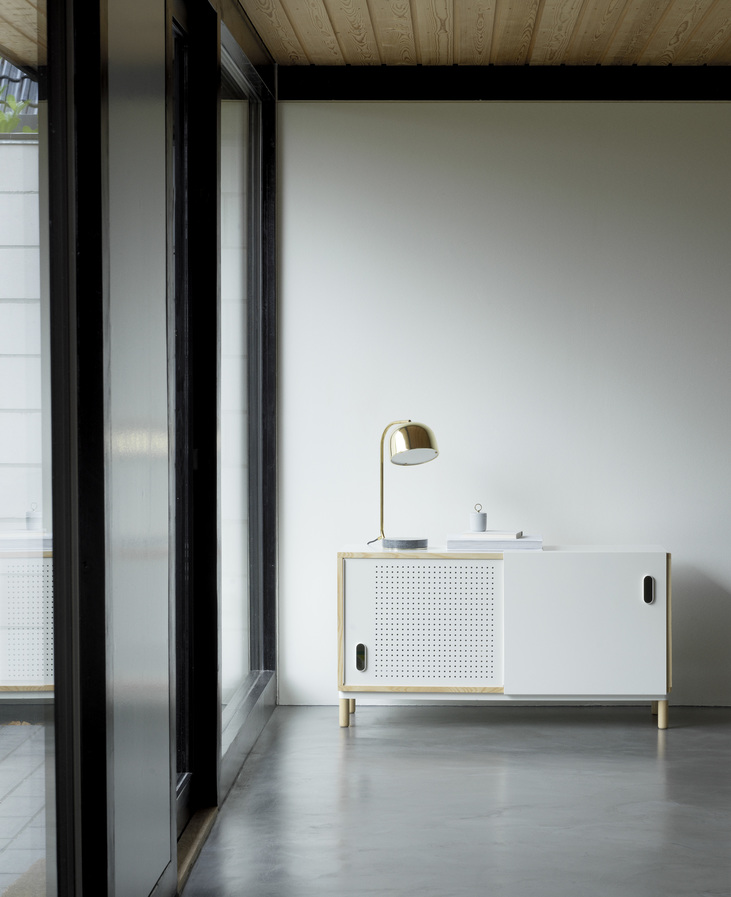 Kabino — это стильный и практичный комод, сочетает лакированную МДФ-панель, раму из ясеня спереди и матовые алюминиевые фасады, что делает его универсальным решением как для дома, так и для офиса или студии.
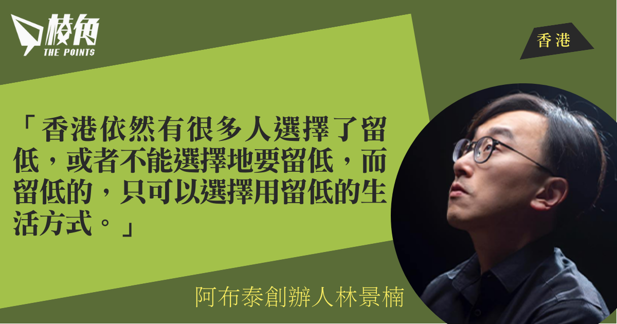 阿布泰國生活百貨創辦人林景楠,涉民主派初選47人案,被控「串謀顛覆國家政權罪」,新年伊始,他於1月1日在社交平台發文,上載與財政司司長陳茂波合照,並稱「香港作為國際大都會,有完善的法律法規,未來,生機處處。留下來的人,讓我們一起為這個城市努力,說好香港故事;說好您們每個人的奮鬥故事。」其實他自去年8月31日起,已多次發文強調「香港是中國不可分離的一個部分」,又透露兩女兒已跟媽媽在泰國開展新生活,一切安好。
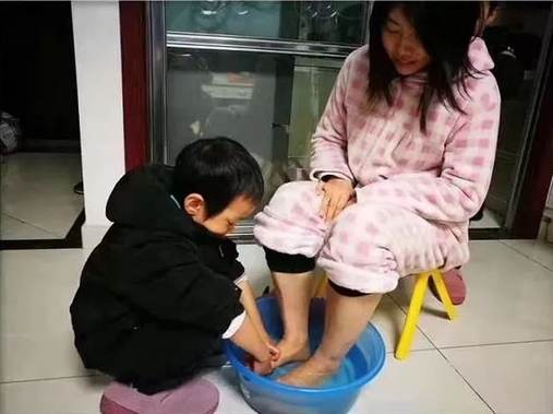 圖為臨行前兒子為媽媽洗腳送行。新華網發
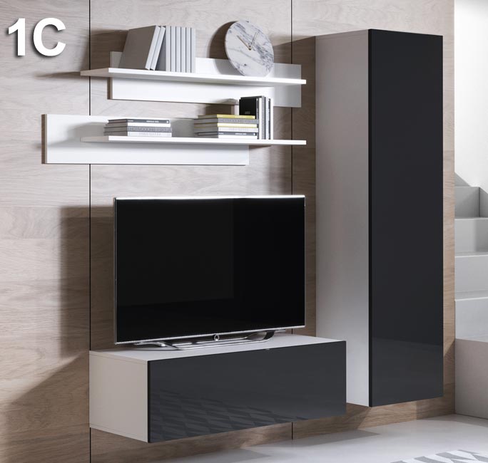 - Modelo 1 inclui: 1 móvel de TV Luke H1, 1 armário suspenso Luke V4, 1 conjunto de estantes Luke.
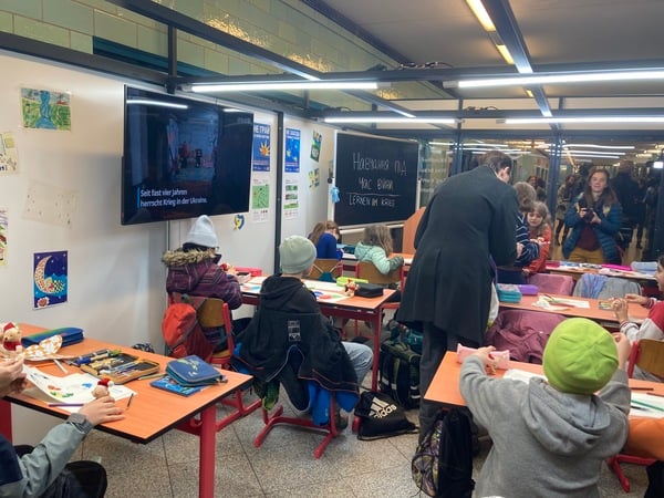 Hintergrund ist eine von Unicef angeregte Aktion, um auf den Alltag von ukrainischen Kindern während des Krieges aufmerksam zu machen. Mit der Unterstützung der BVG hat Unicef ein provisorisches Klassenzimmer im U-Bahnhof errichtet. Ein Ort, an dem täglich hunderte Menschen vorbeilaufen. Bis zum 21. Dezember wird das Klassenzimmer dort zu sehen sein, gibt Unicef an.
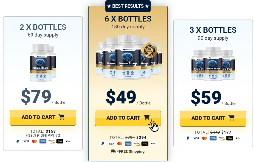 If you’re looking for a sharper, more productive, and confident mind, NeuroSharp is an investment that truly makes sense. To ensure the best results, purchase only from the official website, guaranteeing authenticity and quality.
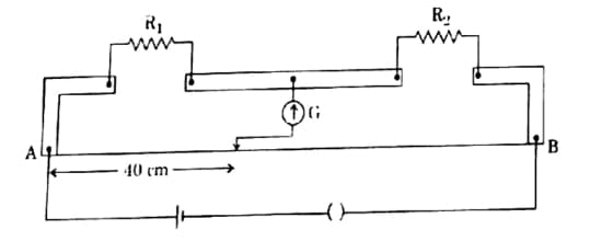The circuit diagram of a balanced meter bridge is shown in the figure. The balanced point is obtained at \(40 \, cm\) from the end A. When a \(10 \, \Omega\) resistor is joined in series with \(R_1\), the balanced point is obtained at \(40 \, cm\) from the end B. Find the values of \(R_1\) and \(R_2\).
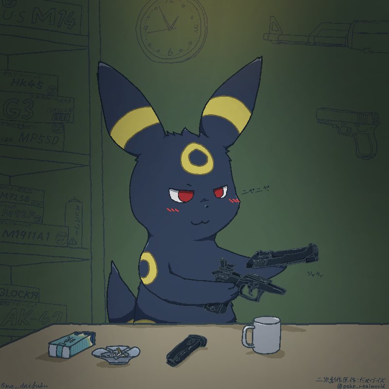 [ポケモン三次創作] だめブイズファンアート描きました 夜中にベレッタを通常分解してオタクスマイルをキメる大家さんです #だめブイズ
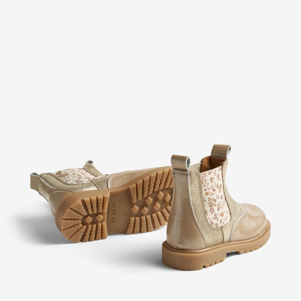 Glitter Chelsea boot made with a mix of patent and leather details for children.
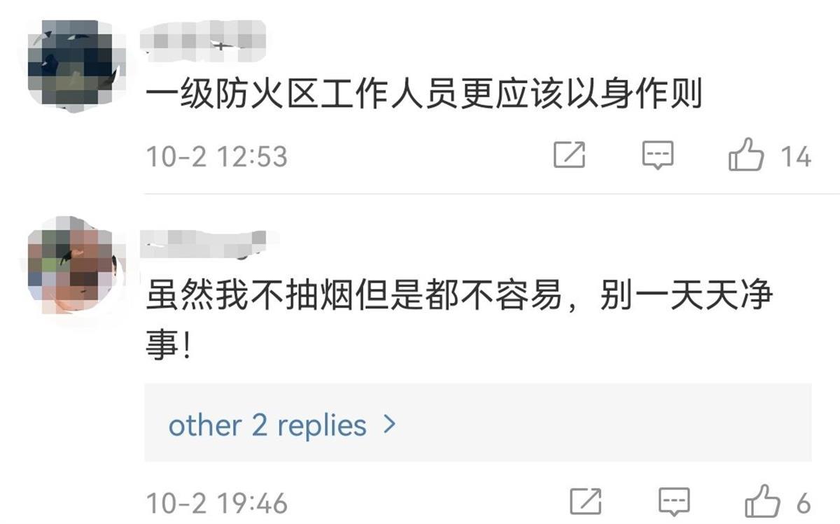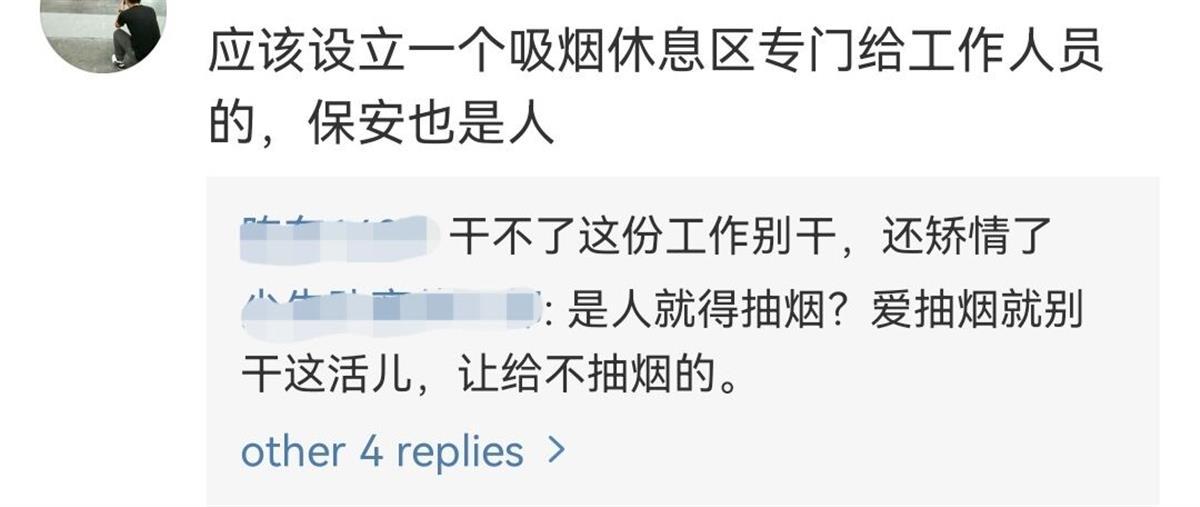 但也有网友提出了自己的建议,对可能被开除的保安表示同情,甚至嫌拍摄者多事:“国庆假期,保安要上十几个小时班,在保证安全的前提下,可以设置户外吸烟区给工作人员。”“拍摄者什么心理?现在的人有点事就拍照,就上网。”
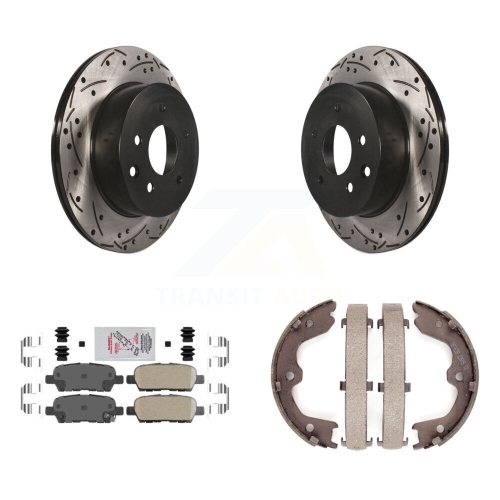 Rear Disc Drilled & Slotted Rotors Ceramic Pads Parking Shoes Kit For INFINITI G35 Nissan KDA-103418
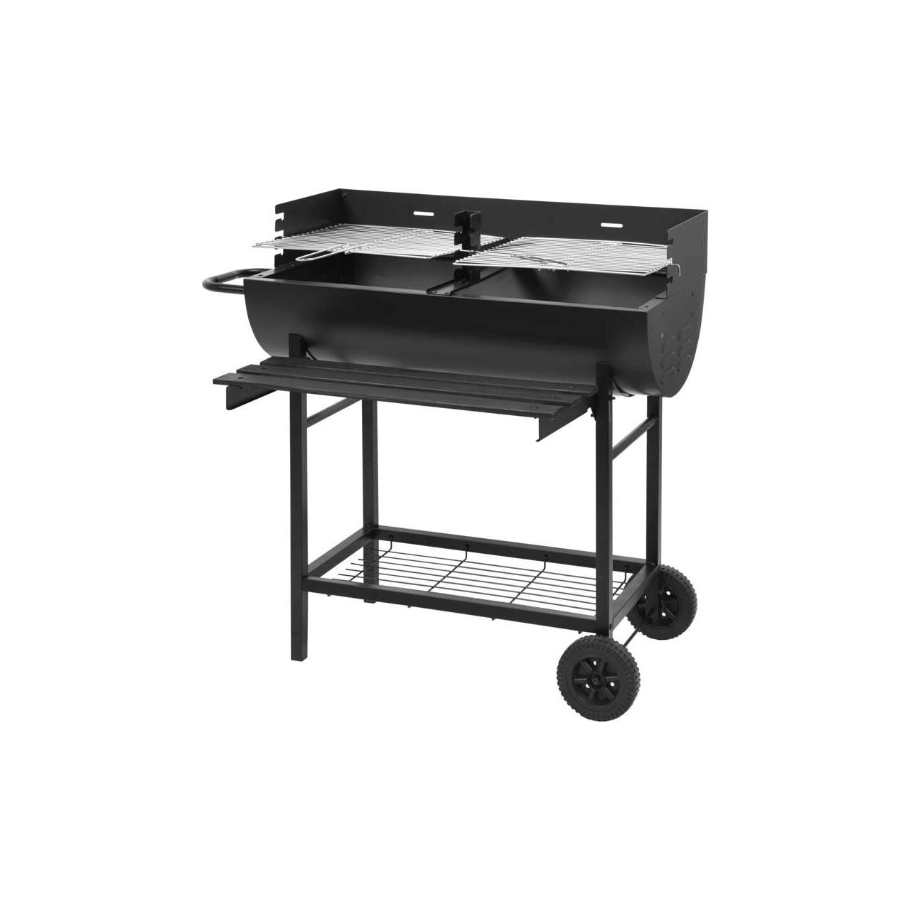 Gratar de gradina conceput pentru a pregati feluri de mancare in aer liber. Are un grătar reglabil, cromat, un mâner confortabil și rafturi pentru accesorii
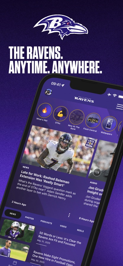 The official team app of the Baltimore Ravens – built for the Flock to be your #1 source for 24/7/365 coverage of all things Ravens. At home, in the stadium and on the go, stay connected with breaking news, exclusive content and everything you need as a fan.
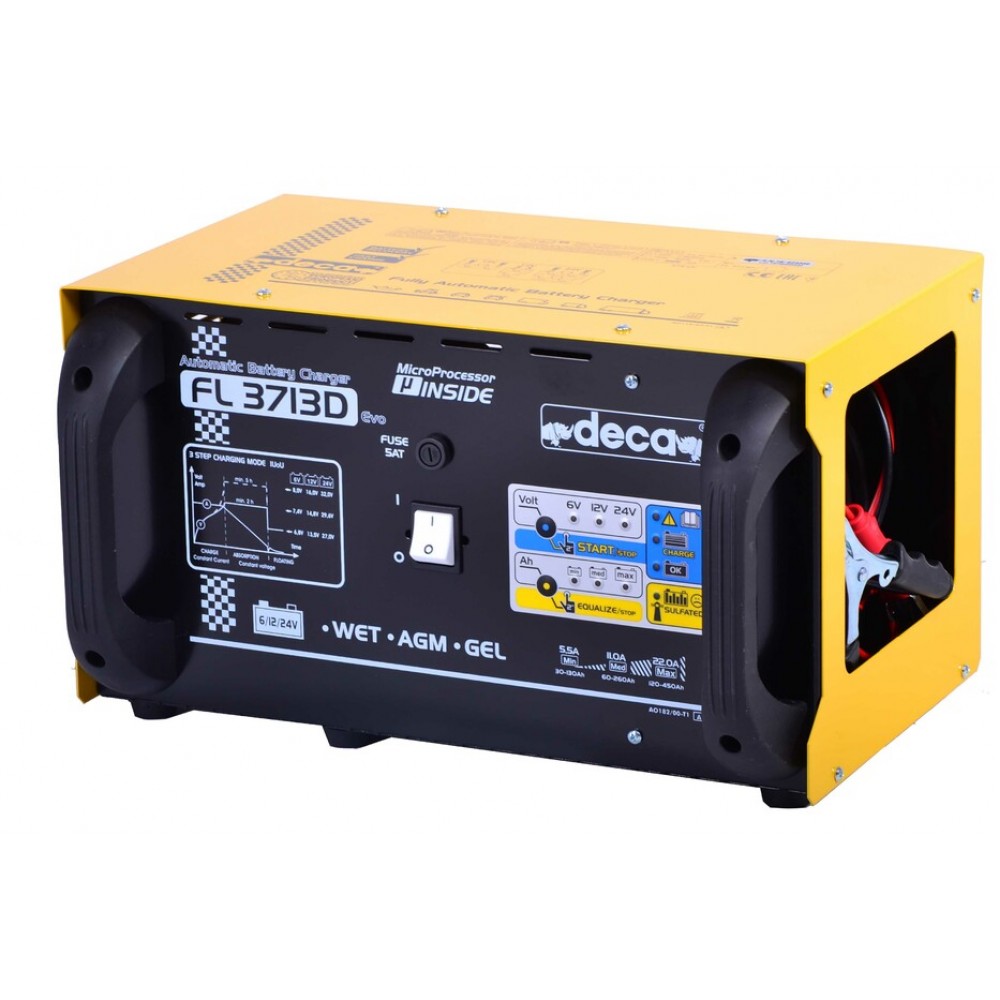 Серія FL зарядних пристроїв DECA містить кілька моделей різної потужності. Найбільш потужною є модель DECA FL 3713D, яка призначена для заряду акумуляторних батарей великої ємності для великогабаритної автомобільної техніки, екскаваторів, тягачів тощо. Пристрої цієї серії відрізняються повністю автоматичним процесом заряджання, якістю виконання, наявністю електронної системи управління. Як і інші зарядні пристрої цієї серії, може заряджати батареї з вихідною напругою: 6, 12 та 24 вольти. Потужний зарядний пристрій DECA FL 3713D можна використовувати для заряджання та обслуговування акумуляторів з ємністю від 30 до 450 ампер-годин. Можливість роботи з акумуляторами великої ємності обумовлена особливостями конструкції приладу, де використано потужний трансформатор та напівпровідникову схему випрямлення. Також реалізовано схему стабілізації вихідного струму, згладжування пульсацій за допомогою фільтрів та мікропроцесорного управління. DECA FL 3713D працює в автоматичному режимі і тому його можна використовувати для заряджання гелевих та сухих акумуляторів, а також звичайних WET-батарей. Залежно від типу батареї зарядний пристрій підлаштовує величину зарядного струму та напруги, яка може становити 6, 12 та 24 вольти. Для зручності транспортування зарядки призначені спеціальні ручки, які виготовлені із шорсткого пластику.
== == ==
Aim of the task: Exactly as written, copy the entries above without their pictures.

Solution to the problem:
 Kabino — это стильный и практичный комод, сочетает лакированную МДФ-панель, раму из ясеня спереди и матовые алюминиевые фасады, что делает его универсальным решением как для дома, так и для офиса или студии.
 阿布泰國生活百貨創辦人林景楠,涉民主派初選47人案,被控「串謀顛覆國家政權罪」,新年伊始,他於1月1日在社交平台發文,上載與財政司司長陳茂波合照,並稱「香港作為國際大都會,有完善的法律法規,未來,生機處處。留下來的人,讓我們一起為這個城市努力,說好香港故事;說好您們每個人的奮鬥故事。」其實他自去年8月31日起,已多次發文強調「香港是中國不可分離的一個部分」,又透露兩女兒已跟媽媽在泰國開展新生活,一切安好。
 圖為臨行前兒子為媽媽洗腳送行。新華網發
 - Modelo 1 inclui: 1 móvel de TV Luke H1, 1 armário suspenso Luke V4, 1 conjunto de estantes Luke.
 Hintergrund ist eine von Unicef angeregte Aktion, um auf den Alltag von ukrainischen Kindern während des Krieges aufmerksam zu machen. Mit der Unterstützung der BVG hat Unicef ein provisorisches Klassenzimmer im U-Bahnhof errichtet. Ein Ort, an dem täglich hunderte Menschen vorbeilaufen. Bis zum 21. Dezember wird das Klassenzimmer dort zu sehen sein, gibt Unicef an.
 If you’re looking for a sharper, more productive, and confident mind, NeuroSharp is an investment that truly makes sense. To ensure the best results, purchase only from the official website, guaranteeing authenticity and quality.
The circuit diagram of a balanced meter bridge is shown in the figure. The balanced point is obtained at \(40 \, cm\) from the end A. When a \(10 \, \Omega\) resistor is joined in series with \(R_1\), the balanced point is obtained at \(40 \, cm\) from the end B. Find the values of \(R_1\) and \(R_2\).
 [ポケモン三次創作] だめブイズファンアート描きました 夜中にベレッタを通常分解してオタクスマイルをキメる大家さんです #だめブイズ
 Glitter Chelsea boot made with a mix of patent and leather details for children.
 但也有网友提出了自己的建议,对可能被开除的保安表示同情,甚至嫌拍摄者多事:“国庆假期,保安要上十几个小时班,在保证安全的前提下,可以设置户外吸烟区给工作人员。”“拍摄者什么心理?现在的人有点事就拍照,就上网。”
 Rear Disc Drilled & Slotted Rotors Ceramic Pads Parking Shoes Kit For INFINITI G35 Nissan KDA-103418
 Gratar de gradina conceput pentru a pregati feluri de mancare in aer liber. Are un grătar reglabil, cromat, un mâner confortabil și rafturi pentru accesorii
 The official team app of the Baltimore Ravens – built for the Flock to be your #1 source for 24/7/365 coverage of all things Ravens. At home, in the stadium and on the go, stay connected with breaking news, exclusive content and everything you need as a fan.
 Серія FL зарядних пристроїв DECA містить кілька моделей різної потужності. Найбільш потужною є модель DECA FL 3713D, яка призначена для заряду акумуляторних батарей великої ємності для великогабаритної автомобільної техніки, екскаваторів, тягачів тощо. Пристрої цієї серії відрізняються повністю автоматичним процесом заряджання, якістю виконання, наявністю електронної системи управління. Як і інші зарядні пристрої цієї серії, може заряджати батареї з вихідною напругою: 6, 12 та 24 вольти. Потужний зарядний пристрій DECA FL 3713D можна використовувати для заряджання та обслуговування акумуляторів з ємністю від 30 до 450 ампер-годин. Можливість роботи з акумуляторами великої ємності обумовлена особливостями конструкції приладу, де використано потужний трансформатор та напівпровідникову схему випрямлення. Також реалізовано схему стабілізації вихідного струму, згладжування пульсацій за допомогою фільтрів та мікропроцесорного управління. DECA FL 3713D працює в автоматичному режимі і тому його можна використовувати для заряджання гелевих та сухих акумуляторів, а також звичайних WET-батарей. Залежно від типу батареї зарядний пристрій підлаштовує величину зарядного струму та напруги, яка може становити 6, 12 та 24 вольти. Для зручності транспортування зарядки призначені спеціальні ручки, які виготовлені із шорсткого пластику.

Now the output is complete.